* What you will do
Retype each record below word for word, pictures excluded.

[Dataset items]
******************************

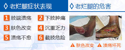 3、溃疡:再进一步发展,在患肢小腿内侧,外侧,踝部出现溃疡,皮肤僵硬且容易破皮溃烂,而且创口溃烂久治不愈,严重者不得不接受截肢而致残。
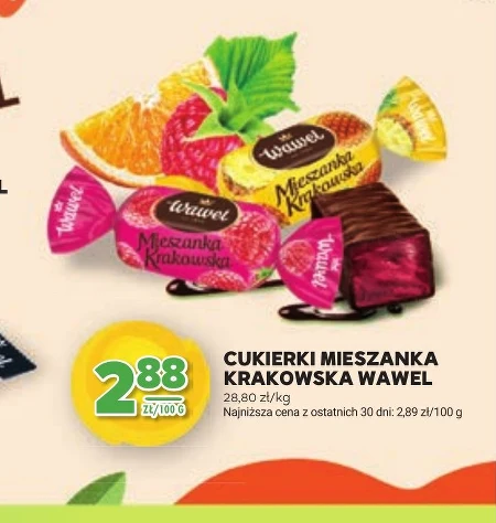 CUKIERKI MIESZANKA KRAKOWSKA WAWEL 28,80 zł/kg Najniższa cena z ostatnich 30 dni: 2,89 zł/100 g Mieszanka cukierków Krakowska Wawel to doskonały wybór na słodką przekąskę dla całej rodziny, idealna na imprezy i spotkania towarzyskie. Można wykorzystać je jako smaczną dekorację tortów lub ciast, dodając im wyjątkowego uroku i koloru.
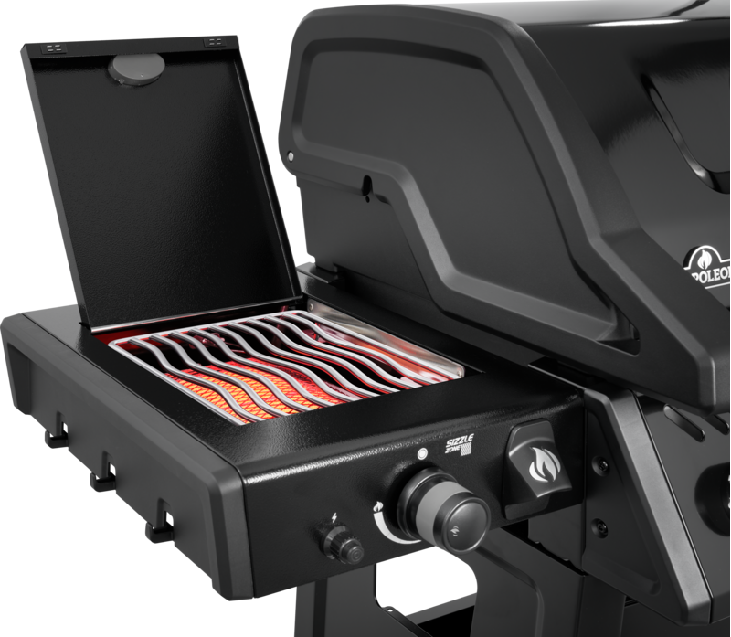 Infračervený boční hořák dokáže vyvinout teplotu až 800 °C. Díky tomu na něm perfektně zatáhnete steak a všechna šťáva zůstane uvnitř anebo ho můžete využít jako klasickou boční plotýnku třeba na přípravu omáčky.
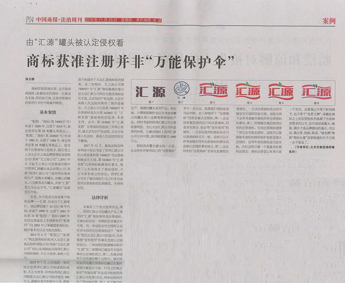 集佳文章《由“匯源”罐頭被認(rèn)定侵權(quán)看商標(biāo)獲準(zhǔn)注冊(cè)并非“萬能保護(hù)傘”》在《中國(guó)商報(bào)》發(fā)表
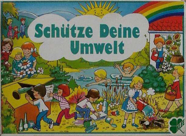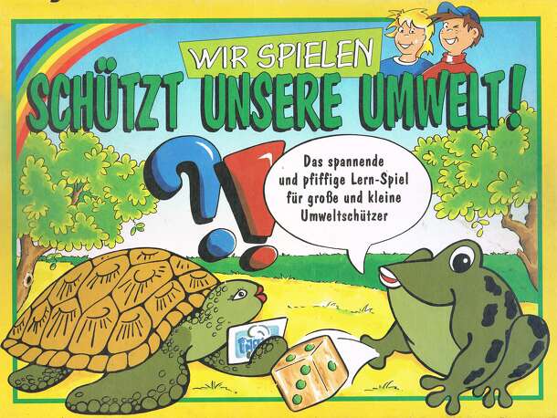 Text on the box (translated from German): The game: Knowledge, guessing, imitating, laughing, rolling dice, tactics, luck ... you really find everything in this game about life and environment! It is exciting, fast and is fun to play again and again. Want to bet? The game consists of a board showing a track of 60 spaces between "start" and "finish" and 3...
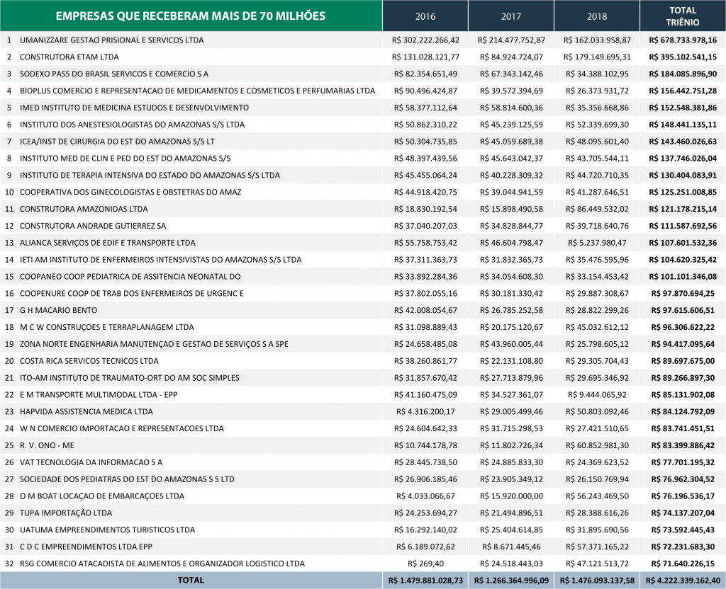 Analisando os pagamentos realizados pelo Governo do Amazonas no triênio 2016-2018, estabeleci, como linha de corte, apenas os fornecedores que receberam mais de R$ 70 milhões, no período. E o resultado obtido foi de 32 empresas.
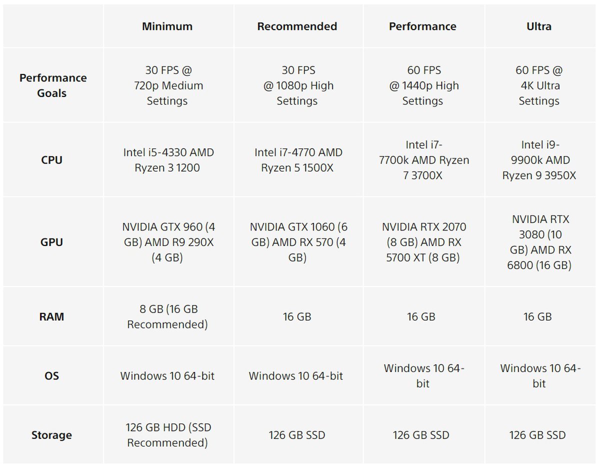 Вместе с трейлером были опубликованы полные системные требования обеих игр. Чтобы поиграть в разрешении 4К на максимальных настройках, понадобится GeForce RTX 3080 и Intel Core i9-9900K, но минимальная конфигурация гораздо слабее.

******************************

* Answer box
 3、溃疡:再进一步发展,在患肢小腿内侧,外侧,踝部出现溃疡,皮肤僵硬且容易破皮溃烂,而且创口溃烂久治不愈,严重者不得不接受截肢而致残。
 CUKIERKI MIESZANKA KRAKOWSKA WAWEL 28,80 zł/kg Najniższa cena z ostatnich 30 dni: 2,89 zł/100 g Mieszanka cukierków Krakowska Wawel to doskonały wybór na słodką przekąskę dla całej rodziny, idealna na imprezy i spotkania towarzyskie. Można wykorzystać je jako smaczną dekorację tortów lub ciast, dodając im wyjątkowego uroku i koloru.
 Infračervený boční hořák dokáže vyvinout teplotu až 800 °C. Díky tomu na něm perfektně zatáhnete steak a všechna šťáva zůstane uvnitř anebo ho můžete využít jako klasickou boční plotýnku třeba na přípravu omáčky.
 集佳文章《由“匯源”罐頭被認(rèn)定侵權(quán)看商標(biāo)獲準(zhǔn)注冊(cè)并非“萬能保護(hù)傘”》在《中國(guó)商報(bào)》發(fā)表
 Text on the box (translated from German): The game: Knowledge, guessing, imitating, laughing, rolling dice, tactics, luck ... you really find everything in this game about life and environment! It is exciting, fast and is fun to play again and again. Want to bet? The game consists of a board showing a track of 60 spaces between "start" and "finish" and 3...
 Analisando os pagamentos realizados pelo Governo do Amazonas no triênio 2016-2018, estabeleci, como linha de corte, apenas os fornecedores que receberam mais de R$ 70 milhões, no período. E o resultado obtido foi de 32 empresas.
 Вместе с трейлером были опубликованы полные системные требования обеих игр. Чтобы поиграть в разрешении 4К на максимальных настройках, понадобится GeForce RTX 3080 и Intel Core i9-9900K, но минимальная конфигурация гораздо слабее.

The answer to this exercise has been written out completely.